> [Aim of the exercise] Everything in the listing should be transcribed exactly, apart from the pictures.

> [Provided records]
.....

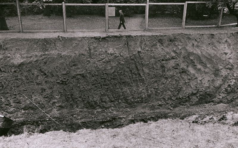 Bilden visar en schaktnings plats i öst-västlig riktning mot Bergaliden år 1971. På bilden syns spår efter grävningsarbete med jordvallar. Gräv och byggplatsen är omringad av ett staket som syns i bakgrunden.
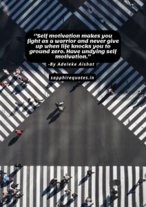 17) ”Self motivation makes you fight as a warrior and never give up when life knocks you to ground zero. Have undying self motivation.”
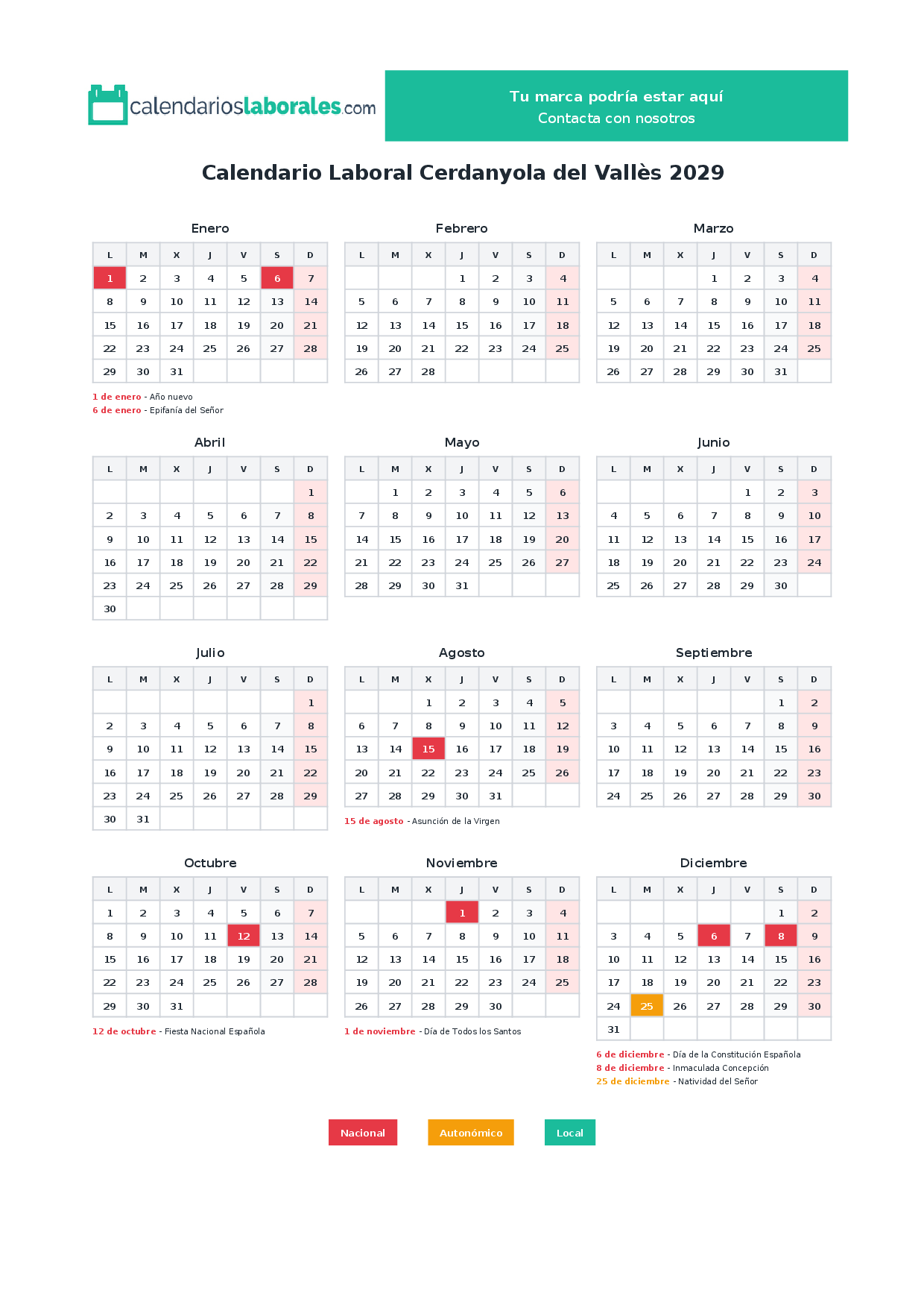 En 2029, 7 festivos nacionales se celebran en todo el territorio español, incluidos en el calendario laboral de Cerdanyola del Vallès.
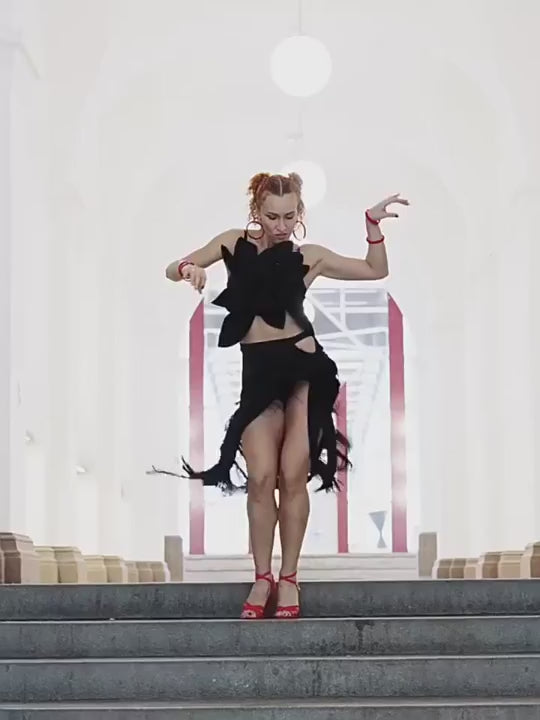 UDance A69 is a high-performance Latin half-skirt designed for expressive stage movement and intensive training. Featuring fluid fringe and a sculpted silhouette, it delivers dynamic motion with strong stretch support.
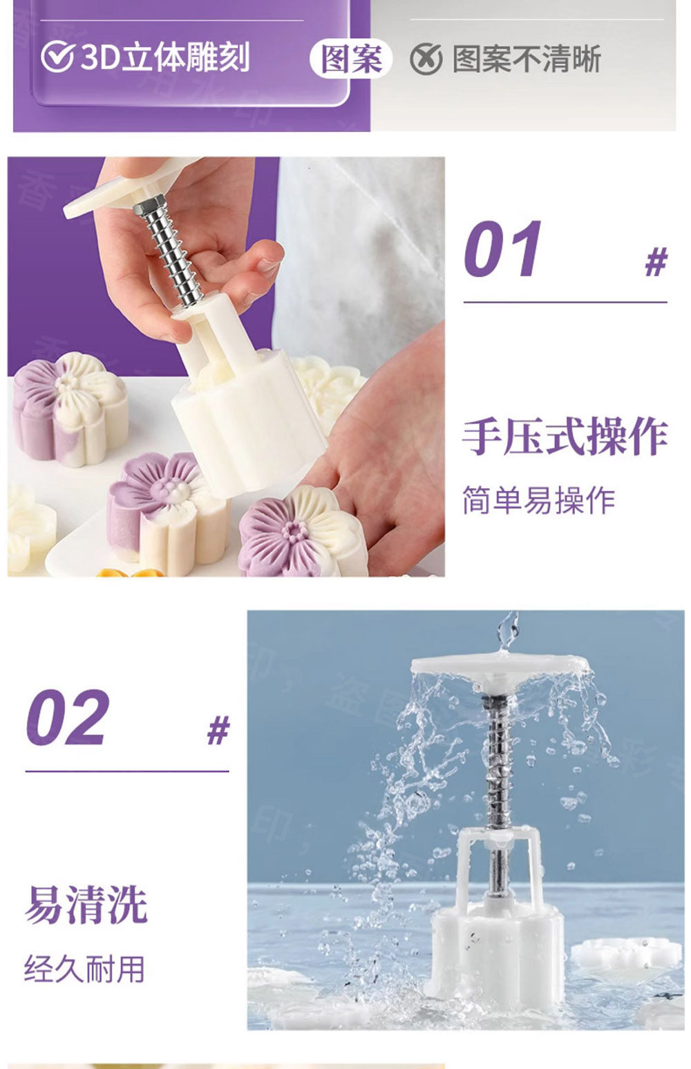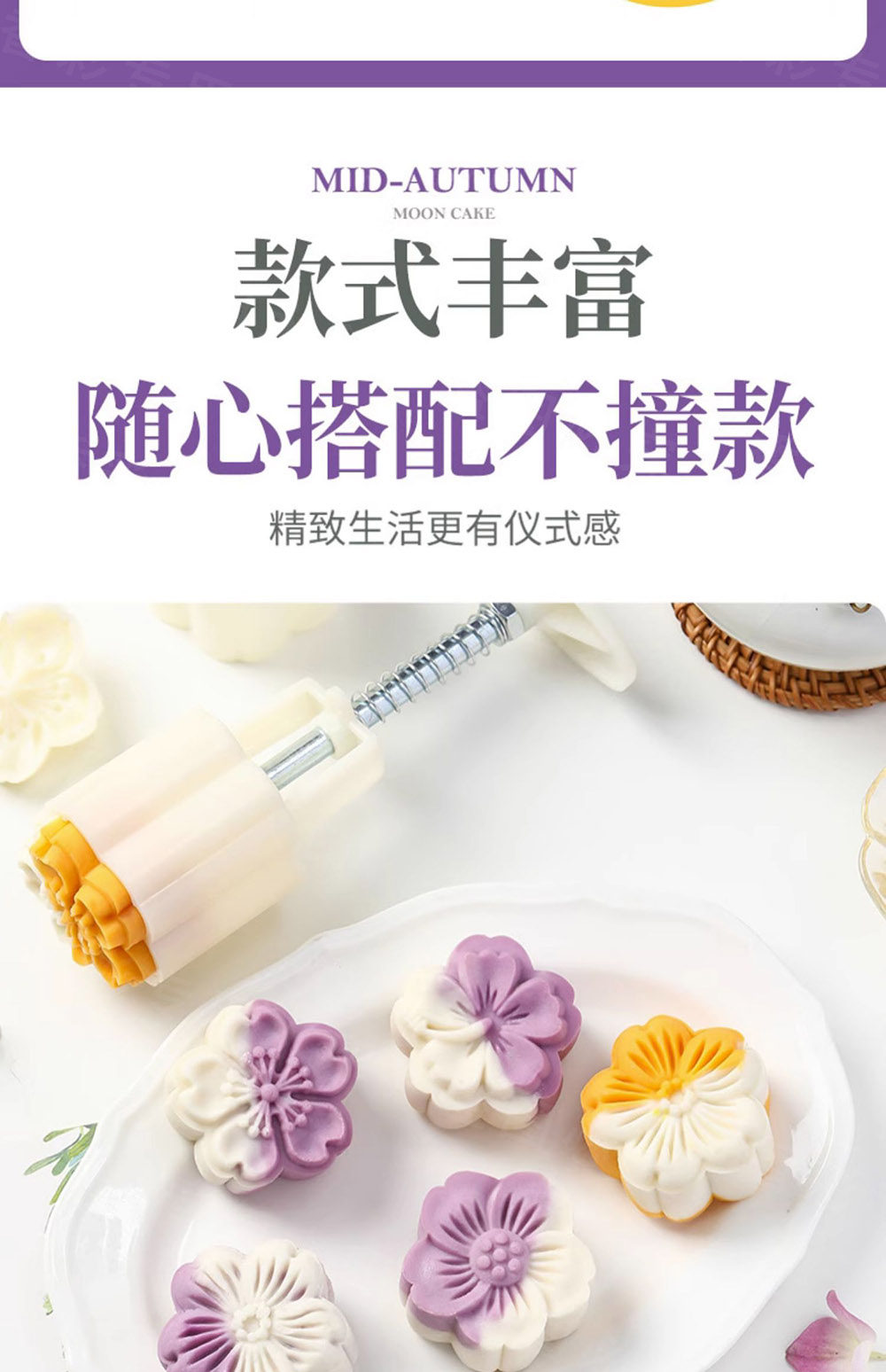 Плесень для лунного торта Новые торты, фиолетовый карточный ям, дополнительная пища, прессованная цветочная выпечка

.....

> [Reply]
 Bilden visar en schaktnings plats i öst-västlig riktning mot Bergaliden år 1971. På bilden syns spår efter grävningsarbete med jordvallar. Gräv och byggplatsen är omringad av ett staket som syns i bakgrunden.
 17) ”Self motivation makes you fight as a warrior and never give up when life knocks you to ground zero. Have undying self motivation.”
 En 2029, 7 festivos nacionales se celebran en todo el territorio español, incluidos en el calendario laboral de Cerdanyola del Vallès.
 UDance A69 is a high-performance Latin half-skirt designed for expressive stage movement and intensive training. Featuring fluid fringe and a sculpted silhouette, it delivers dynamic motion with strong stretch support.
 Плесень для лунного торта Новые торты, фиолетовый карточный ям, дополнительная пища, прессованная цветочная выпечка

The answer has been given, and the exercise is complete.